In this chapter, we built a completely offline, privacy-preserving RAG architecture by bridging Alibaba’s recently released in-process vector database, zvec, with local Ollama inference. By intentionally minimizing external dependencies and utilizing a strictly typed, schema-driven datastore, we eliminated the network overhead and deployment bloat typical of client-server vector databases. The fixed-size overlapping chunking strategy, combined with the 768-dimensional embeddinggemma model, ensures high-fidelity semantic retrieval. Simultaneously, the compact qwen3:1.7b model demonstrates that a heavily constrained, prompt-engineered generation phase can effectively synthesize retrieved context without hallucination.

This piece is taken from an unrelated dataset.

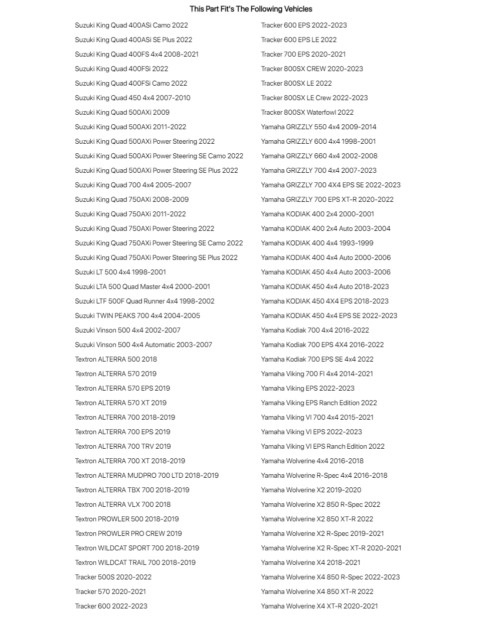 • Also Fits

The resulting pipeline serves as a robust, lightweight foundation for edge-deployable AI applications. Because the entire storage and inference stack executes locally within the same process, the pattern is exceptionally portable, fast, and secure. Moving forward, this baseline implementation can be extended to handle more complex retrieval requirements, such as integrating dynamic semantic chunking, implementing Reciprocal Rank Fusion (RRF) for hybrid multi-vector queries, or introducing multi-turn conversational memory. Ultimately, combining embedded vector storage with small-parameter LLMs proves that high-performance, domain-specific RAG does not require massive cloud infrastructure.